Fabiola Perez, owner of the company Top Klean Services Inc., cleans a clients home on Thursday, Nov 12, 2020 in Folsom. She said she lost 85% of her clients at the beginning of the coronavirus pandemic, but has recovered much of her business since.
Fabiola Perez, owner of the company Top Klean Services Inc., cleans a clients home on Thursday, Nov 12, 2020 in Folsom. She said she lost 85% of her clients at the beginning of the coronavirus pandemic, but has recovered much of her business since. pkitagaki@sacbee.com

The English version of this article is available here.

Fue a mediados de marzo cuando María Hernández, una limpiadora de casas en San Francisco, recibió una gran cantidad de mensajes de texto de sus clientes cancelando sus servicios semanales.
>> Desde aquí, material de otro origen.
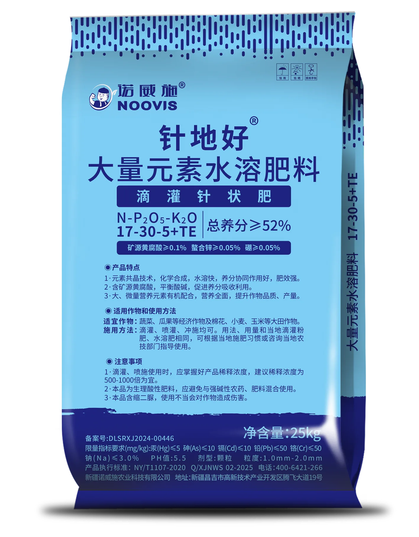 注意事项:1·滴灌、喷施使用时,应掌握好产品稀释浓度,建议稀释浓度为500-1000倍为宜。2·本品为生理酸性肥料,应避免与强碱性农药、肥料混合使用。3.本品含缩二脲,使用不当会对作物造成伤害。

Las notificaciones llegaron un día antes de que el gobernador Gavin Newsom emitiera una orden de quedarse en casa en todo el estado para detener la propagación del COVID-19, y casi una semana después de que la Organización Mundial de la Salud clasificara al COVID-19 como una pandemia.

Sin clientes y sin ahorros, la madre soltera indocumentada de tres hijos depende de los bancos de alimentos locales para comer. Ha recibido ayuda financiera de organizaciones sin fines de lucro como la Alianza Nacional para Trabajadores Domésticos y ha accedido a la asistencia en caso de crisis del Mission Asset Fund para inmigrantes no autorizados.

Hernández se encuentra entre los miles de trabajadores domésticos, incluidos amas de llaves, niñeras y asistentes de salud, en California afectados por la recesión económica de la pandemia.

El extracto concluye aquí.